Рекомендуемая доза обычного интерферона альфа составляет 5-10 миллионов международных единиц (МЕ). Препарат вводится подкожно 3 раза в неделю в течение 4-6 месяцев, или каждый день в течение 4-х месяцев у HBeAg-позитивных лиц. При заражении HBeAg-негативным мутантным вирусом терапия продолжается на протяжении более длительного времени, как правило, 12 месяцев.

Период лечения аналогами нуклеотидов и нуклеозидов не может быть определён заранее.

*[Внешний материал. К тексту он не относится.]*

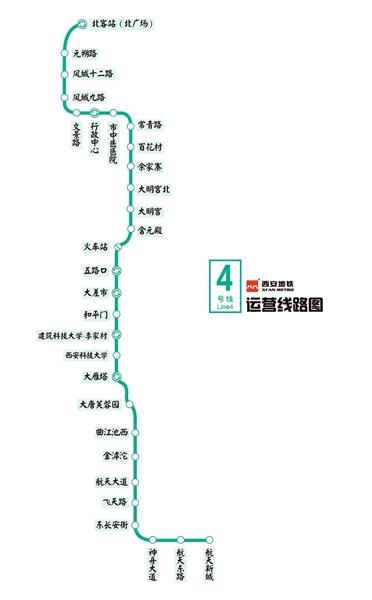 線路依次貫穿西安航天基地、曲江新區(qū)、雁塔區(qū)、碑林區(qū)、未央?yún)^(qū)、經(jīng)濟(jì)技術(shù)開發(fā)區(qū),途經(jīng)西安北站、大明宮國家遺址公園、火車站、五路口、大雁塔、大唐芙蓉園、曲江池遺址公園等人流密集區(qū),全線設(shè)車站29座,均為地下站,設(shè)航天城車輛段1座,草灘停車場1座。開通初期因西安火車站改造,故該站甩站運(yùn)行,各次列車不停站通過。按照現(xiàn)行票價政策,四號線全程票價為8元。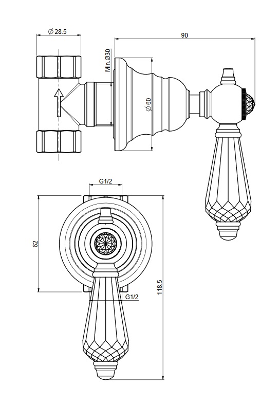średnica rozety: 60 mm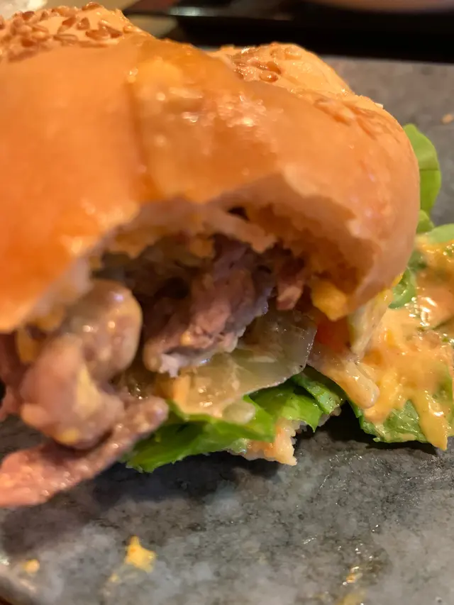今次我哋係中午時段去光顧既,當日做緊叫兩個lunch set 其中一個就有半價既優惠。我哋叫咗一個招牌既牛肉漢堡包配薯條,一個牛肉定食。牛肉定食就味道普普通通,但份量算吾錯,厚切牛肉,一份入面仲會有牛筋,牛筋煮得幾淋,好入味。最值我一提既係第二個餐招牌牛肉漢堡,因為佢哋有別於一般漢堡包,佢哋漢堡包所用既吾係普通漢堡扒你真係食得出有一塊塊牛肉質地嘅牛肉夾係包入裏,相當好味!!…Read More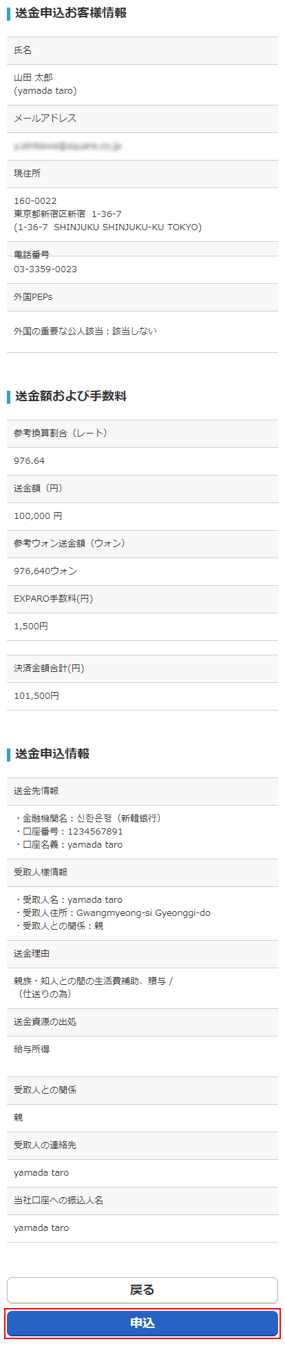 送金申込内容に間違いがないかご確認ください。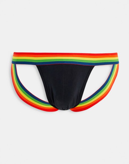 ASOS DESIGN - Sospensorio con fascia in vita arcobaleno

При лечении Ламивудином у взрослых с клиренсом креатинина > 50 мл/мин, вводится ежедневно 100 мг препарата в одной дозе. Лечение Ламивудином часто сопровождается образованием мутирующих частиц HBV, которые являются к лекарству частично или полностью устойчивыми. Частота встречаемости устойчивых мутирующих HBV увеличивается с продолжительностью лечения (24% после 1 года лечения, 38% после 2 лет, 49% после 3 лет, 67% после 4 лет и 70% после 5 лет лечения).

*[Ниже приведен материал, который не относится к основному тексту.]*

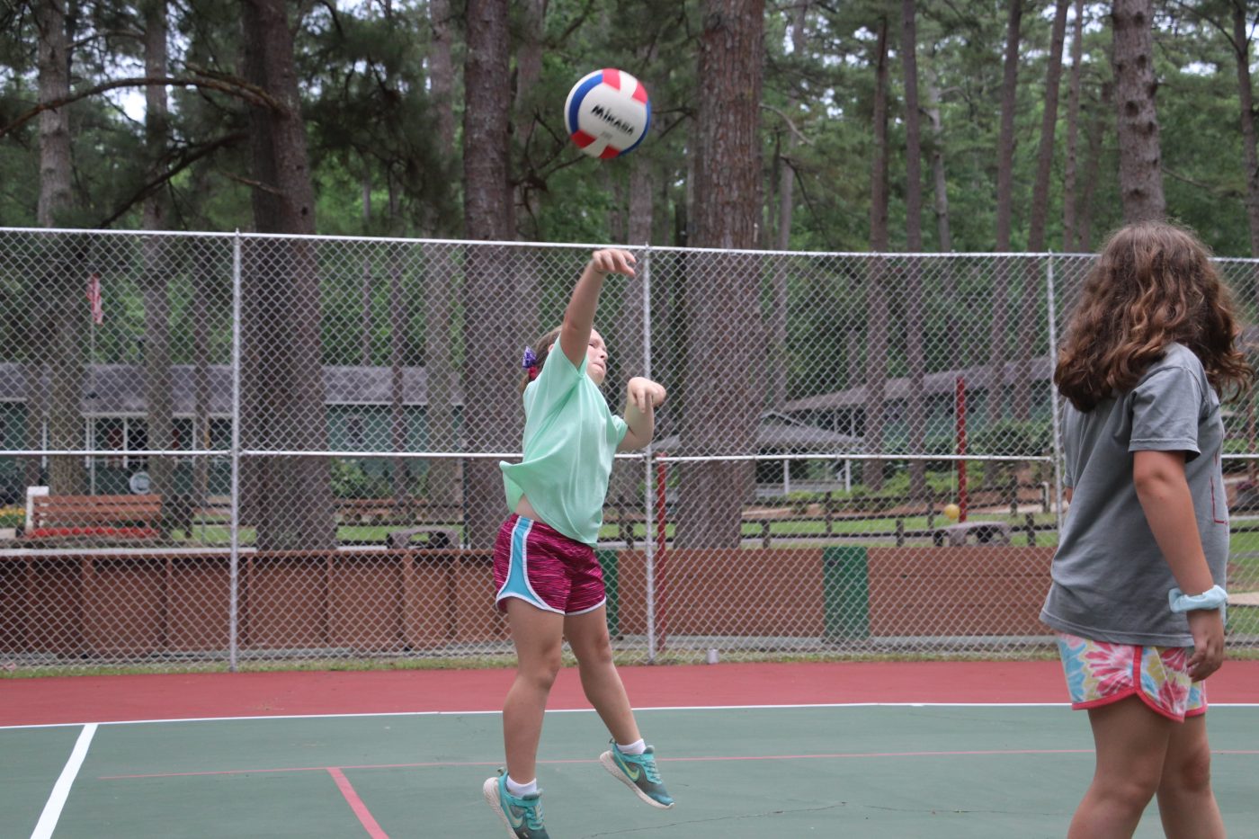 On the bright green lovely court 2, the Camp Mac Diamonds dominated the Camp Mac Queens. For the Diamonds, Pierce Lawler played sharp. For the Queens, Elise Grijalva played like true royalty.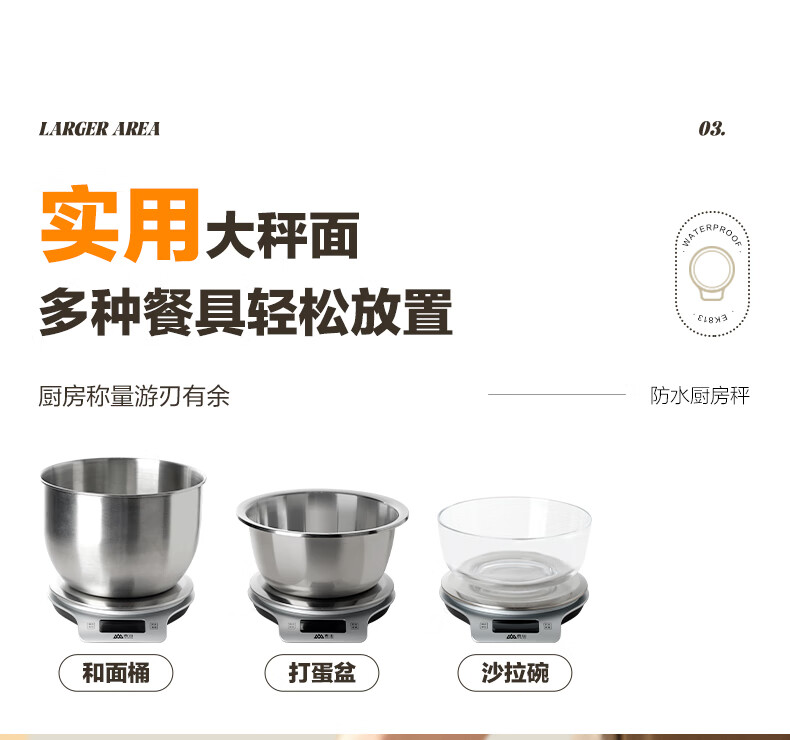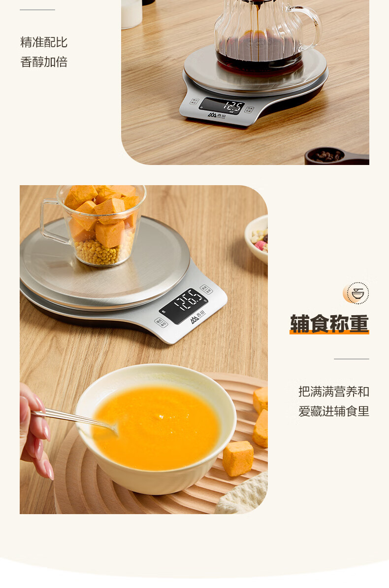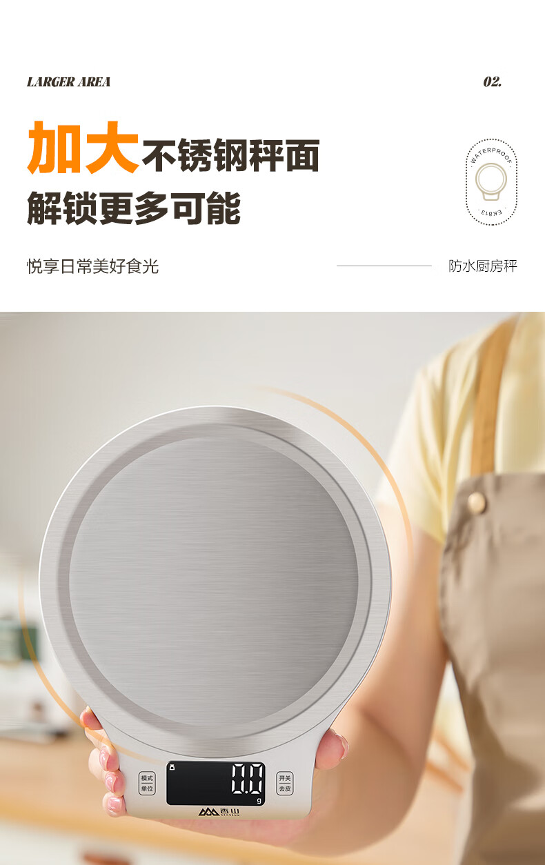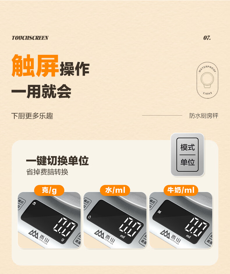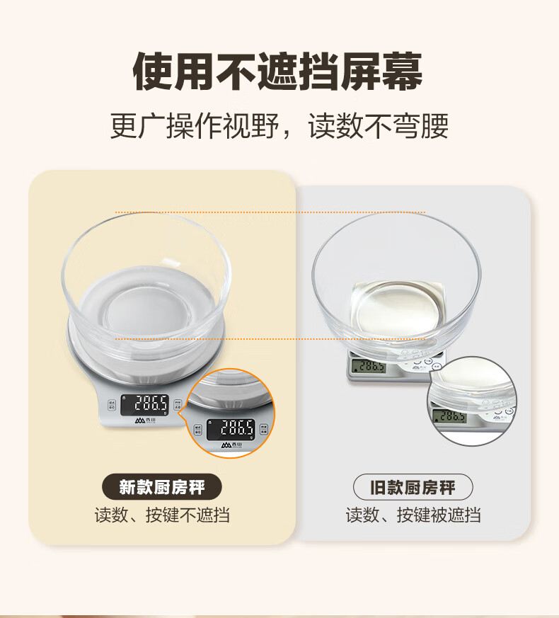 香山电子秤 防水厨房秤IPX6 咖啡烘焙秤 0.1g高精度 Type-C充电款

Рекомендуемая доза Адефовира дипивоксила составляет 10 мг в день. В настоящее время препарат, обычно, рекомендуется для лечения ранее не лечённых людей, т.к. является более дорогостоящим, чем лечение Тенофовиром и менее эффективным; терапия сопровождается образованием мутирующих HBV, которые являются частично или полностью устойчивыми к препарату. Частота встречаемости устойчивого мутирующего вируса увеличивается с продолжительностью лечения (0% после 1 года лечения, 3% после 2 лет, 11% после 3 лет, 18% после 4 лет и 29% после 5 лет лечения).

Энтекавир является мощным ингибитором репликации HBV и высоким генетическим барьером к возникновению резистентности. Согласно результатам клинических исследований, препарат является более эффективным, чем Ламивудин или Адефовир дипивоксила. Вводится перорально 1 раз/день/0,5 мг у людей, ранее не лечённых Ламивудином, и 1 мг в день, если присутствует мутирующий вирус, устойчивый к этому препарату. Частота возникновения мутаций вируса очень мала и, по существу, не увеличивается с продолжительностью лечения (0,2% после 1 года лечения, 0,5% после 2 лет, 1,2% после 3, 4 и 5 лет лечения ).

Тенофовир представляет собой аналог нуклеотида, структурно подобен Адефовиру дипивоксила. Ввиду более низкой нефротоксичности в сравнении с Адефовиром дипивоксила, его можно безопасно вводить в гораздо более высокой дозе (300 мг по сравнению с 10 мг в день). Он является мощным ингибитором репликации HBV и высоким генетическим барьером к возникновению сопротивления. Препарат также эффективен при вирусных мутациях, устойчивых к Ламивудину. Вирусные мутации, устойчивые к Тенофовиру, на сегодняшний день, не были описаны.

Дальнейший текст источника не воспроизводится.